* _TASK DETAILS_: Exercise in exact copying: restate word for word only the lines below from the one containing "Click for More" through the one containing "Flatform Sandals with", omitting any pictures.

* _SUPPLIED RECORDS_:
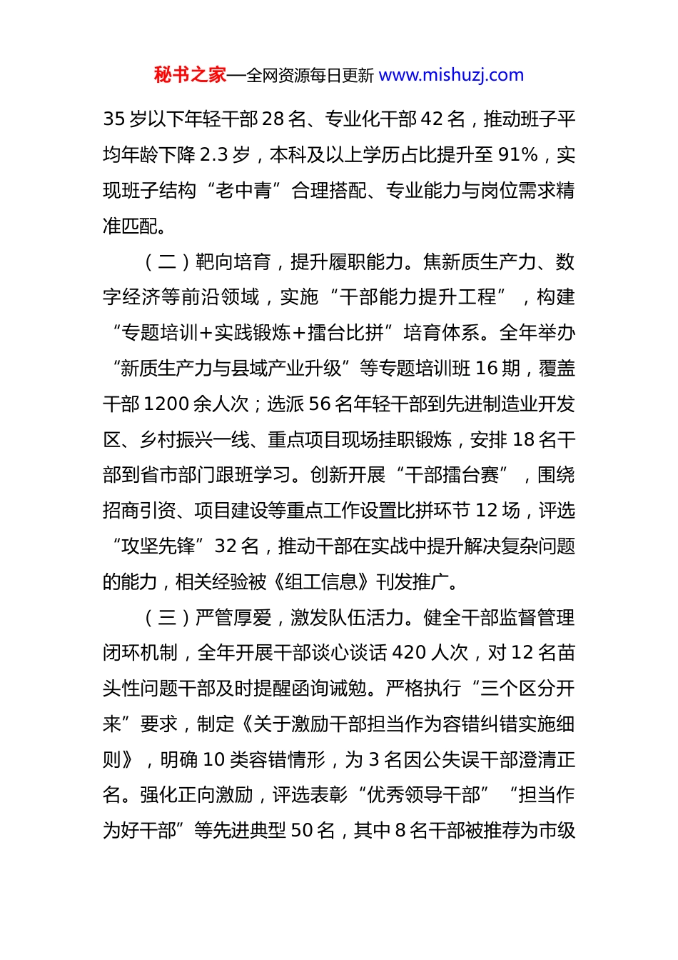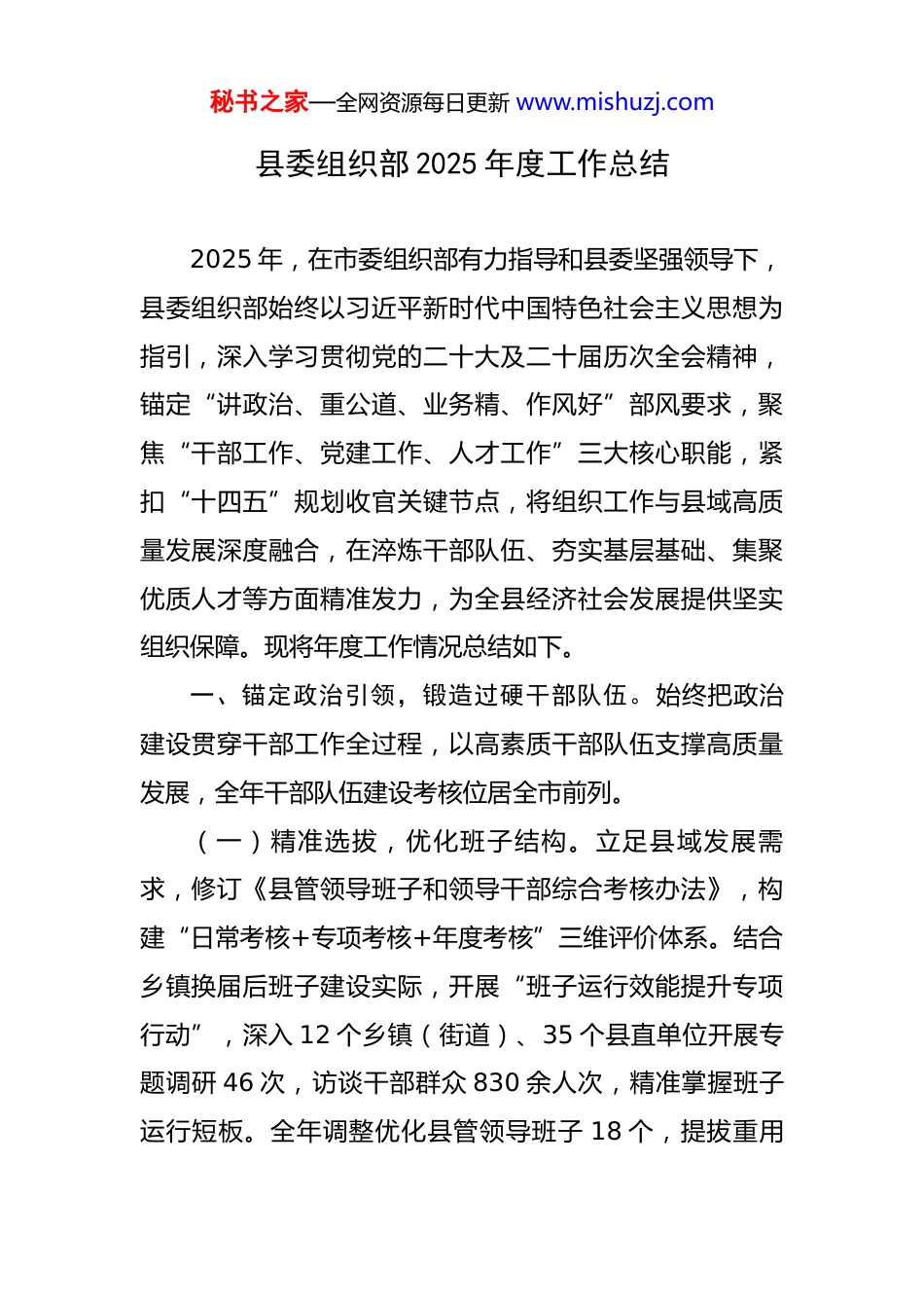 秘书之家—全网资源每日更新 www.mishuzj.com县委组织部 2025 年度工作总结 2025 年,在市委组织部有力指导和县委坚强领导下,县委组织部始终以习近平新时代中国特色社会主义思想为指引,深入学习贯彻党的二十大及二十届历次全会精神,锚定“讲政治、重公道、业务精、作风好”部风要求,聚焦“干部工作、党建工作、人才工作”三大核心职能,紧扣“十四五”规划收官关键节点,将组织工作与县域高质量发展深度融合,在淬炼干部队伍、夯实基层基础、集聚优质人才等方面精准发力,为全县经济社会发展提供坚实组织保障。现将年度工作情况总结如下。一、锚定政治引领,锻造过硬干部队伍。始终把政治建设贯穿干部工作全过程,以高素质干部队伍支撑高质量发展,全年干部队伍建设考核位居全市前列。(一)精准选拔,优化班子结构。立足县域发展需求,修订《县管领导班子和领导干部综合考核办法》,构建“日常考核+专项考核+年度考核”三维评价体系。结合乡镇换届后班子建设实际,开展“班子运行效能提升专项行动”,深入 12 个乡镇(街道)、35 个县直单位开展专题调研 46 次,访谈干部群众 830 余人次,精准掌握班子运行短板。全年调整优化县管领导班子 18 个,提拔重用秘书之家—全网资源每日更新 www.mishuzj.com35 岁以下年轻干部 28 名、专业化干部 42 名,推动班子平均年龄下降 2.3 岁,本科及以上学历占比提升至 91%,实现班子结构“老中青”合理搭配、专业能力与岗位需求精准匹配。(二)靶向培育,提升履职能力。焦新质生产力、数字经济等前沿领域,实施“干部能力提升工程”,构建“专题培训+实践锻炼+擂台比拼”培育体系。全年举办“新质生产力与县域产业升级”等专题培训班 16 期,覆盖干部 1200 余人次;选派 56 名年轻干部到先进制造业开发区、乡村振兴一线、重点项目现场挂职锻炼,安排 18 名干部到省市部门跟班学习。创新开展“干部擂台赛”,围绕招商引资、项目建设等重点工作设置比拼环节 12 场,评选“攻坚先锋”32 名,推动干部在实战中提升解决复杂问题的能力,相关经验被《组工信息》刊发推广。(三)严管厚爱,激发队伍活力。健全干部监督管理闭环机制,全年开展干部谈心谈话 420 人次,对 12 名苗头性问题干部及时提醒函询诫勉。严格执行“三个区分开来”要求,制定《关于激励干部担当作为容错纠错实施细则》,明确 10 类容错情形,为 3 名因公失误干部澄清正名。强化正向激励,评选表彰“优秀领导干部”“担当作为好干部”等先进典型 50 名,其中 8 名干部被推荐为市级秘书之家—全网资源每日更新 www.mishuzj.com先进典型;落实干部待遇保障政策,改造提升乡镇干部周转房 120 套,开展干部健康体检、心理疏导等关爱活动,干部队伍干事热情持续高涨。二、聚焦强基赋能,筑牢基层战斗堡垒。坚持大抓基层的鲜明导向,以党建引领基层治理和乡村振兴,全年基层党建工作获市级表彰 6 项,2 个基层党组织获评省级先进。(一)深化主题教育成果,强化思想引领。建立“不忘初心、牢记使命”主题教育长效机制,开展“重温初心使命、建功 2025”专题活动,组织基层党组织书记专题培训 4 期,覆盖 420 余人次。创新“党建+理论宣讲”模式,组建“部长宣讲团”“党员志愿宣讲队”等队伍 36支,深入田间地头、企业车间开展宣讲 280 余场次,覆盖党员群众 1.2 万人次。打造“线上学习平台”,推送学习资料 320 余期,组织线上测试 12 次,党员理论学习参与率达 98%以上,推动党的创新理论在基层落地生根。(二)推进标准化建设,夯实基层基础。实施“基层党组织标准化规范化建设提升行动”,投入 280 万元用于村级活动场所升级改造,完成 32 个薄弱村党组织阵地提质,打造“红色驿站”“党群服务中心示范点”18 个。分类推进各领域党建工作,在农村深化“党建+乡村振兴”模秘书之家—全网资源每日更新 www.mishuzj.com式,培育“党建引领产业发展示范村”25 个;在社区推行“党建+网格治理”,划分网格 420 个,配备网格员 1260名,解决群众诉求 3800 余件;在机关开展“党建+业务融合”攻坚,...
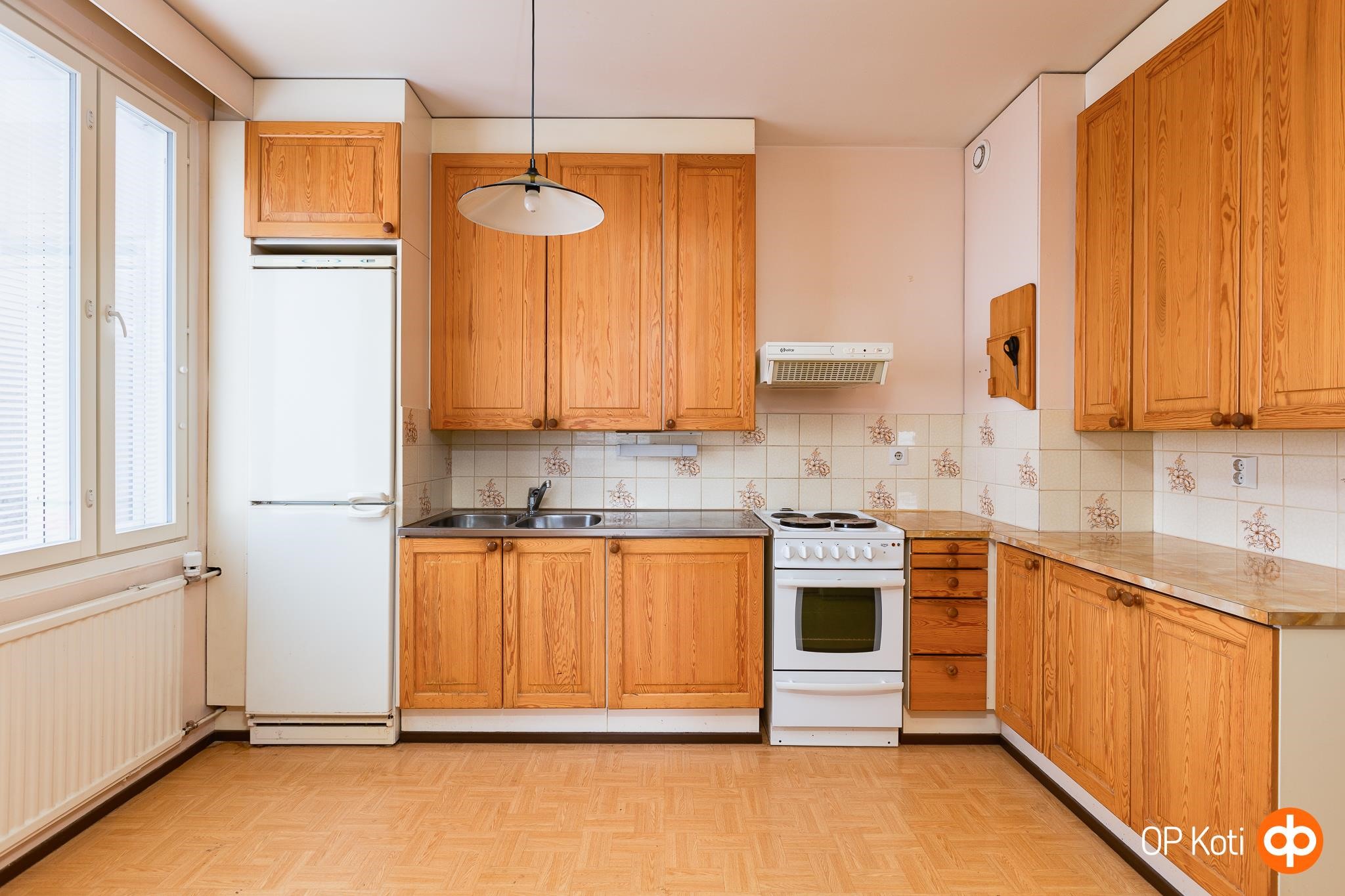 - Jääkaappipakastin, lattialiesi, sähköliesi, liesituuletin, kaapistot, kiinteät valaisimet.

* * *

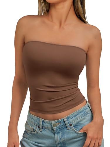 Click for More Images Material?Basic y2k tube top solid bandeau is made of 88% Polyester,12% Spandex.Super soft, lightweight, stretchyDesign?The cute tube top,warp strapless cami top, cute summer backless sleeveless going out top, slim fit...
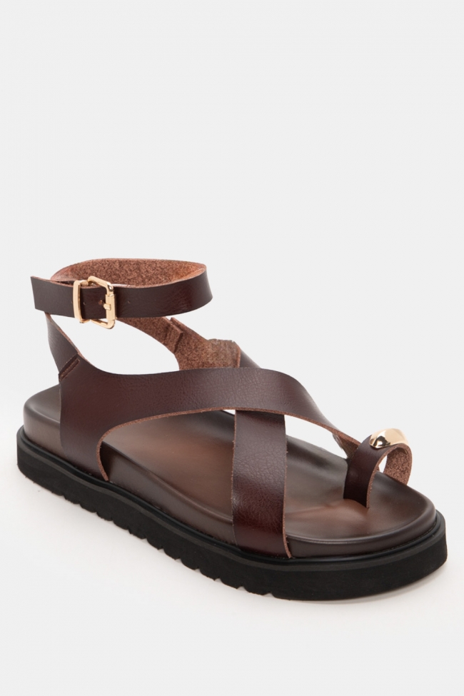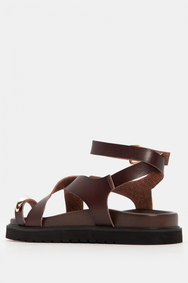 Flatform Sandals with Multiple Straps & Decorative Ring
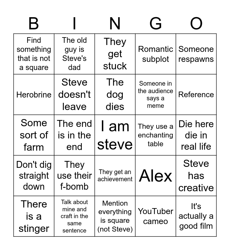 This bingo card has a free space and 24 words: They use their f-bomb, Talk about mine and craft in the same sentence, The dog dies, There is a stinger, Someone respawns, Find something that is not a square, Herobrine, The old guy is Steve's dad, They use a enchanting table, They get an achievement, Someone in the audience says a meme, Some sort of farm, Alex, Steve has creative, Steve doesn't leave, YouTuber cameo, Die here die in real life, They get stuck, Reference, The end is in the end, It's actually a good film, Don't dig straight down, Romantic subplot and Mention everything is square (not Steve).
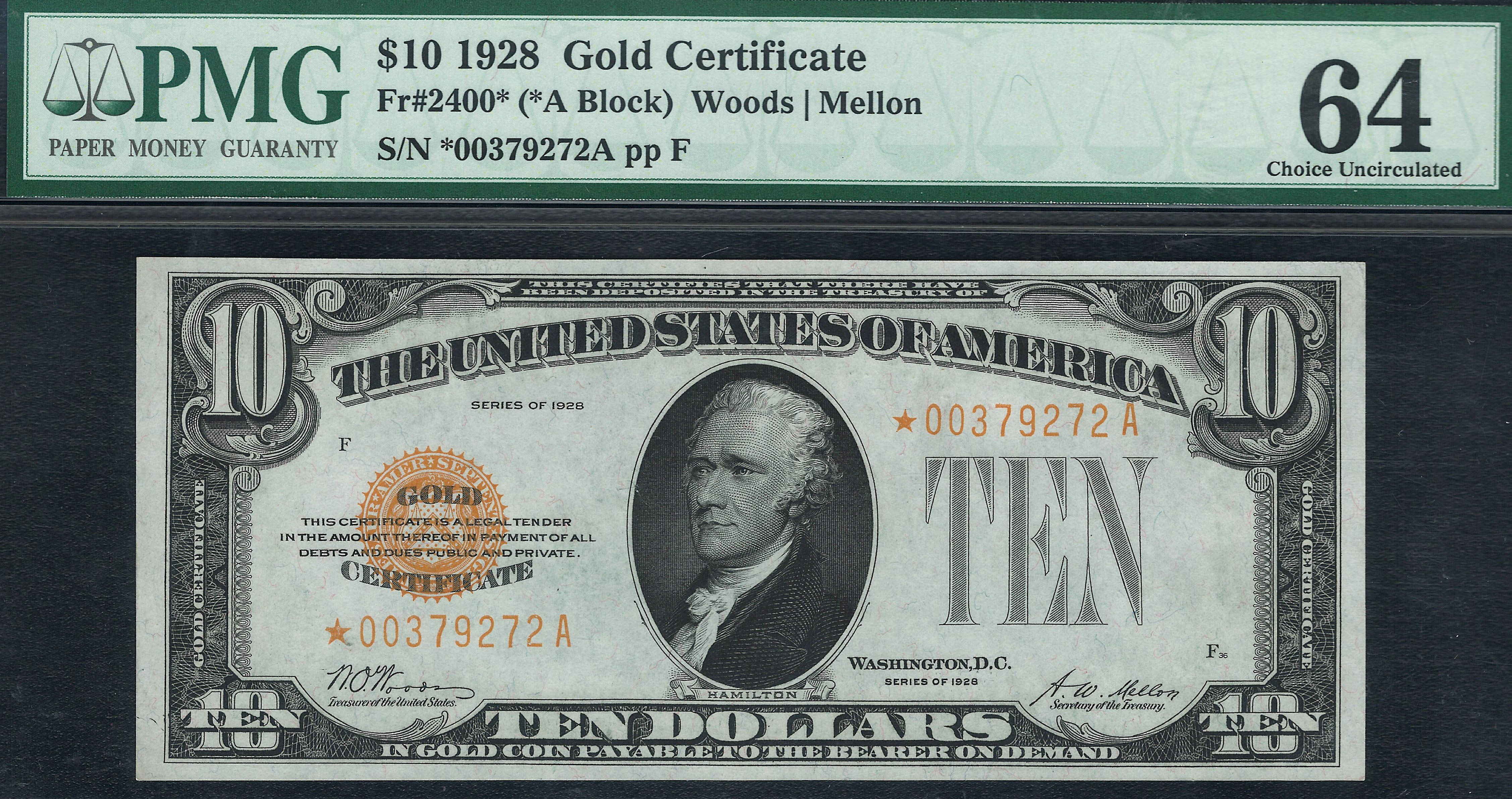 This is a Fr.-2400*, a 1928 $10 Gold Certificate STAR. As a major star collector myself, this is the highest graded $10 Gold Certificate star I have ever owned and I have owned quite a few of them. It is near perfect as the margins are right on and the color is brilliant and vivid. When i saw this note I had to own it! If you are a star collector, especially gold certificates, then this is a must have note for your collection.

==

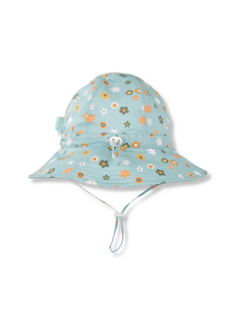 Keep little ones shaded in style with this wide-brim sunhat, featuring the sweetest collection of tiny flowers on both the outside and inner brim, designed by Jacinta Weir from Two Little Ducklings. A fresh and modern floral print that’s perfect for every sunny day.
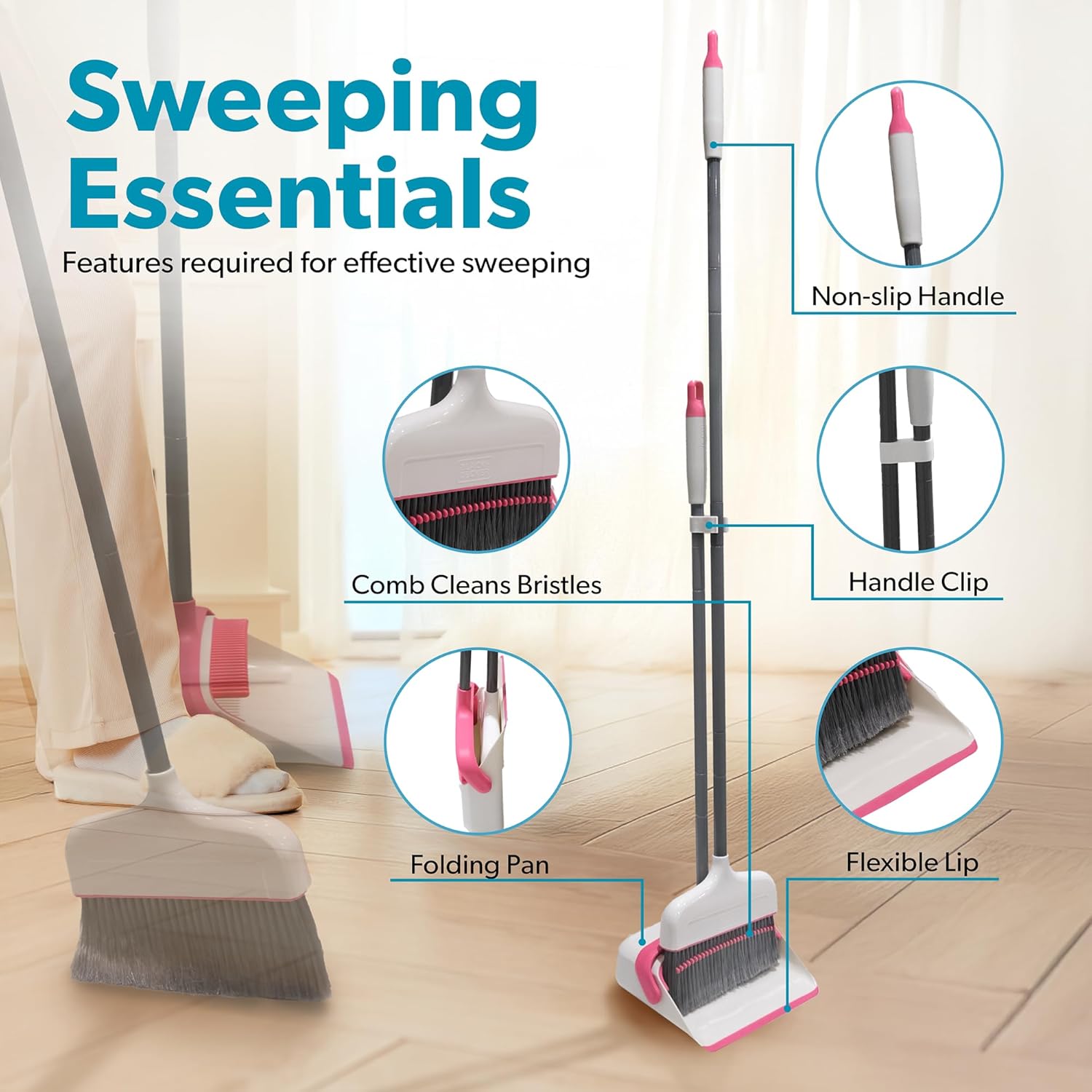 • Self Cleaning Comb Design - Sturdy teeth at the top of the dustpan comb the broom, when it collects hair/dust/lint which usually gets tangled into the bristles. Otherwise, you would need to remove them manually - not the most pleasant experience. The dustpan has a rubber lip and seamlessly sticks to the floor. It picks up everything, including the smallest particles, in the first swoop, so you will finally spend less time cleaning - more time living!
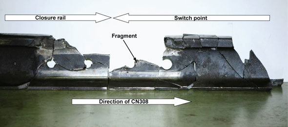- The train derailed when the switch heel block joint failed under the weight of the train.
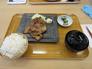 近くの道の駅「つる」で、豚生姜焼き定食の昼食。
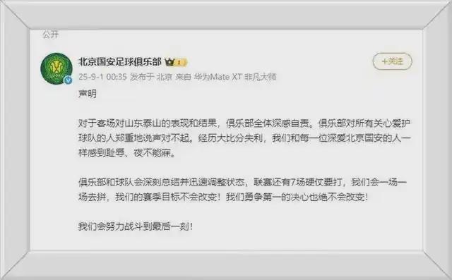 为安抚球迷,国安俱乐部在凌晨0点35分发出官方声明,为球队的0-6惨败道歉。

* _YOUR SOLUTION_:
 Click for More Images Material?Basic y2k tube top solid bandeau is made of 88% Polyester,12% Spandex.Super soft, lightweight, stretchyDesign?The cute tube top,warp strapless cami top, cute summer backless sleeveless going out top, slim fit...
 Flatform Sandals with Multiple Straps & Decorative Ring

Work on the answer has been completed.